TASK REQUIREMENTS
Print the lines in the listing below starting at the line with "コミュニティモールを学校の動" and ending at the line with "關于及時提交原料藥、藥用輔料和藥包材年度報告的通知", both included. Reproduce them exactly and omit every picture.

MATERIAL FOR THIS EXERCISE
----------
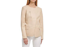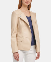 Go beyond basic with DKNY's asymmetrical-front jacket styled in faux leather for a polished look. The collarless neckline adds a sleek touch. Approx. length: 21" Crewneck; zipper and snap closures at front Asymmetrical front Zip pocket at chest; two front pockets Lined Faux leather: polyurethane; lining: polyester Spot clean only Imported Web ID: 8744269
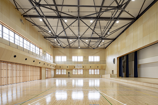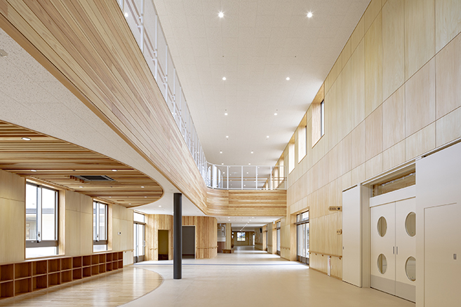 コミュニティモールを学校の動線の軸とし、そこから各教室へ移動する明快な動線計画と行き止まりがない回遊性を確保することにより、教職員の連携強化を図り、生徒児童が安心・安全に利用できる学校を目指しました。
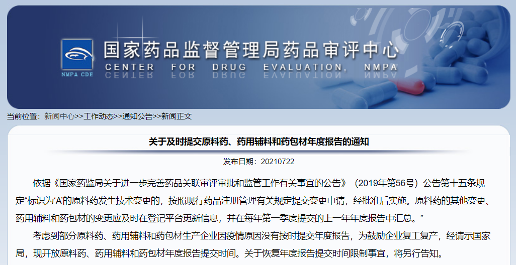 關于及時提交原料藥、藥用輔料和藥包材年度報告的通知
----------
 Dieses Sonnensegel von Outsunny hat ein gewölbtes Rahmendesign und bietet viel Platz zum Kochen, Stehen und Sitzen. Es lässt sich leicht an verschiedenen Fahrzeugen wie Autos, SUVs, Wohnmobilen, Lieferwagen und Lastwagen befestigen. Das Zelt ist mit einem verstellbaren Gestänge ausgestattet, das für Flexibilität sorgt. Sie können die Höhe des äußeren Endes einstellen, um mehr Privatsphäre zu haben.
----------
RESULT OF THE TASK
 コミュニティモールを学校の動線の軸とし、そこから各教室へ移動する明快な動線計画と行き止まりがない回遊性を確保することにより、教職員の連携強化を図り、生徒児童が安心・安全に利用できる学校を目指しました。
 關于及時提交原料藥、藥用輔料和藥包材年度報告的通知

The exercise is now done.